[WHAT NEEDS TO BE DONE]
With the pictures left aside, write out exactly the lines of the listing below from the line with "100% Polyester Celebrate" to the line with "鉄板小波、ポリカ波板など波板", both included, and only those.

=== DATA SHOWN ===

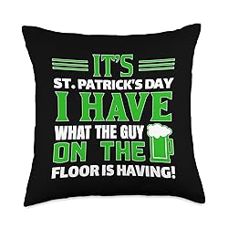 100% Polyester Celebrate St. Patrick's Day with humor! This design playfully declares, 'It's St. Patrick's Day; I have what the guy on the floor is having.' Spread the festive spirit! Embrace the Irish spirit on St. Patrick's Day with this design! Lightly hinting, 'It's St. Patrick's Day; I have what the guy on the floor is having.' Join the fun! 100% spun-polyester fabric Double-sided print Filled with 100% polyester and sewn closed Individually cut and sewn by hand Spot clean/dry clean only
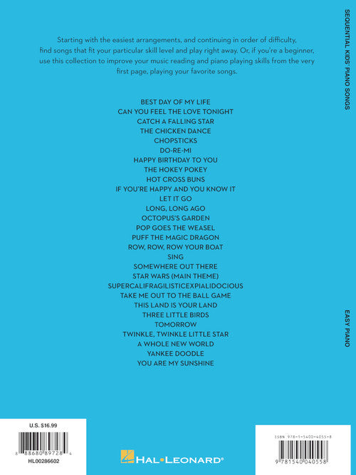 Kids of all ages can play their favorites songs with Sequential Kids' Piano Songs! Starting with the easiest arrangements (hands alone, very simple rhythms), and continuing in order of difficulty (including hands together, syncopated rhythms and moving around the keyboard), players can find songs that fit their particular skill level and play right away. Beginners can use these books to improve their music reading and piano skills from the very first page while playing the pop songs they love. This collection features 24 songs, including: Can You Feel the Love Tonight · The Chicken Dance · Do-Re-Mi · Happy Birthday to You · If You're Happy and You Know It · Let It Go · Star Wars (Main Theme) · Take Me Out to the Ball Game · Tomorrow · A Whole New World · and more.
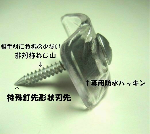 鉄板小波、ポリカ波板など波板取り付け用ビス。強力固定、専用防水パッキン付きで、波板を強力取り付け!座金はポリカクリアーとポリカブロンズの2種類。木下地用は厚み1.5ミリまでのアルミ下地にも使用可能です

===
=== DATA SHOWN ===

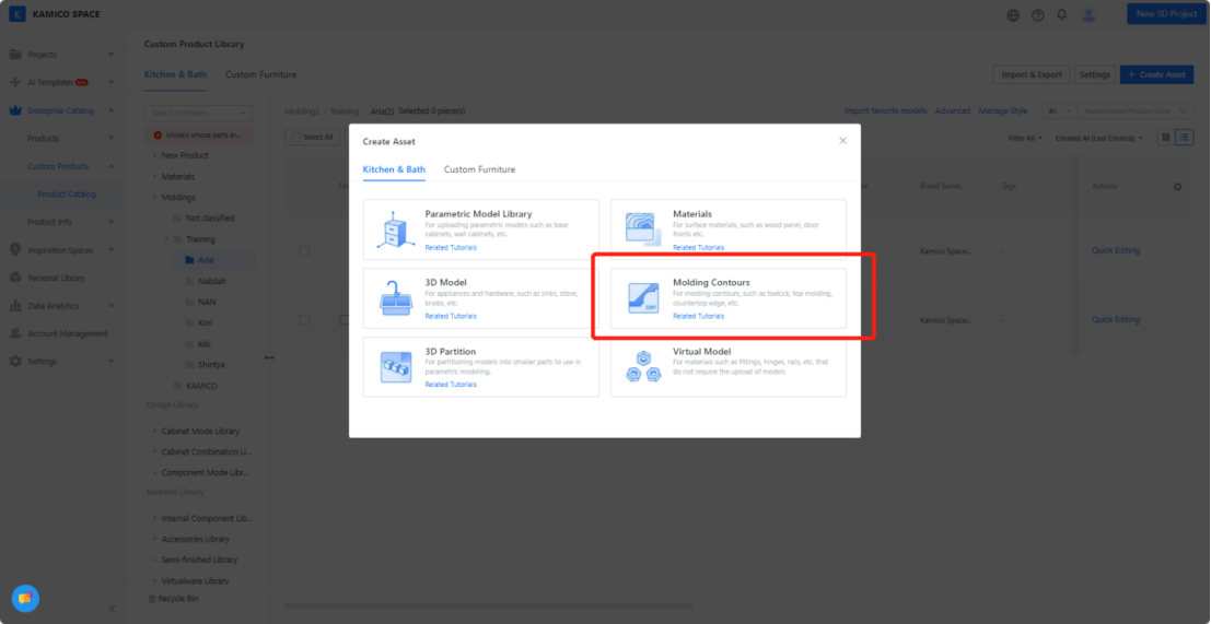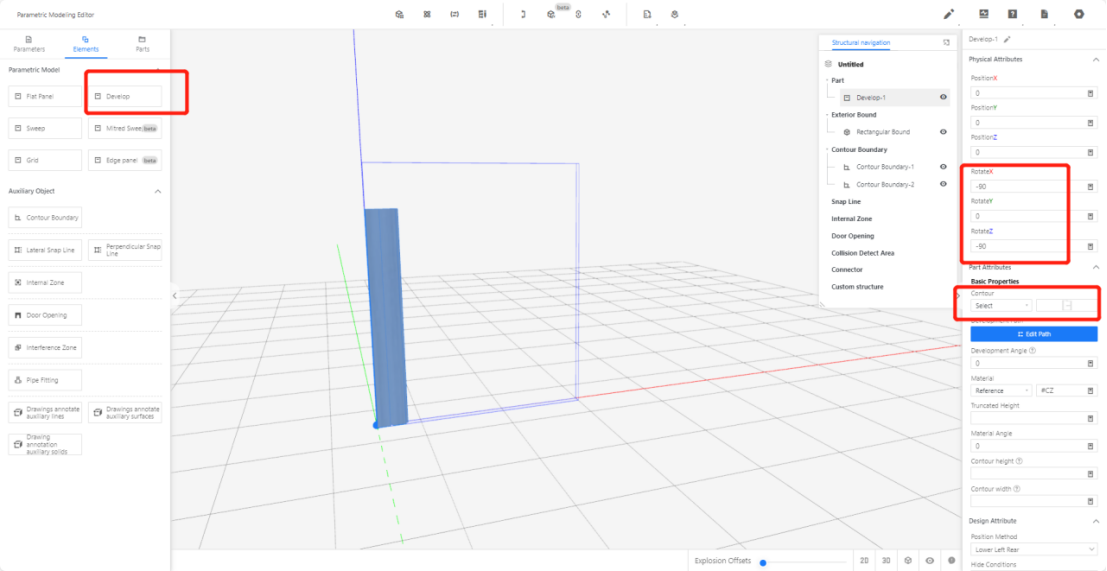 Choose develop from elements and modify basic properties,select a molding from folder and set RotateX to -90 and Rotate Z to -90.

===

[RESPONSE BELOW]
 100% Polyester Celebrate St. Patrick's Day with humor! This design playfully declares, 'It's St. Patrick's Day; I have what the guy on the floor is having.' Spread the festive spirit! Embrace the Irish spirit on St. Patrick's Day with this design! Lightly hinting, 'It's St. Patrick's Day; I have what the guy on the floor is having.' Join the fun! 100% spun-polyester fabric Double-sided print Filled with 100% polyester and sewn closed Individually cut and sewn by hand Spot clean/dry clean only
 Kids of all ages can play their favorites songs with Sequential Kids' Piano Songs! Starting with the easiest arrangements (hands alone, very simple rhythms), and continuing in order of difficulty (including hands together, syncopated rhythms and moving around the keyboard), players can find songs that fit their particular skill level and play right away. Beginners can use these books to improve their music reading and piano skills from the very first page while playing the pop songs they love. This collection features 24 songs, including: Can You Feel the Love Tonight · The Chicken Dance · Do-Re-Mi · Happy Birthday to You · If You're Happy and You Know It · Let It Go · Star Wars (Main Theme) · Take Me Out to the Ball Game · Tomorrow · A Whole New World · and more.
 鉄板小波、ポリカ波板など波板取り付け用ビス。強力固定、専用防水パッキン付きで、波板を強力取り付け!座金はポリカクリアーとポリカブロンズの2種類。木下地用は厚み1.5ミリまでのアルミ下地にも使用可能です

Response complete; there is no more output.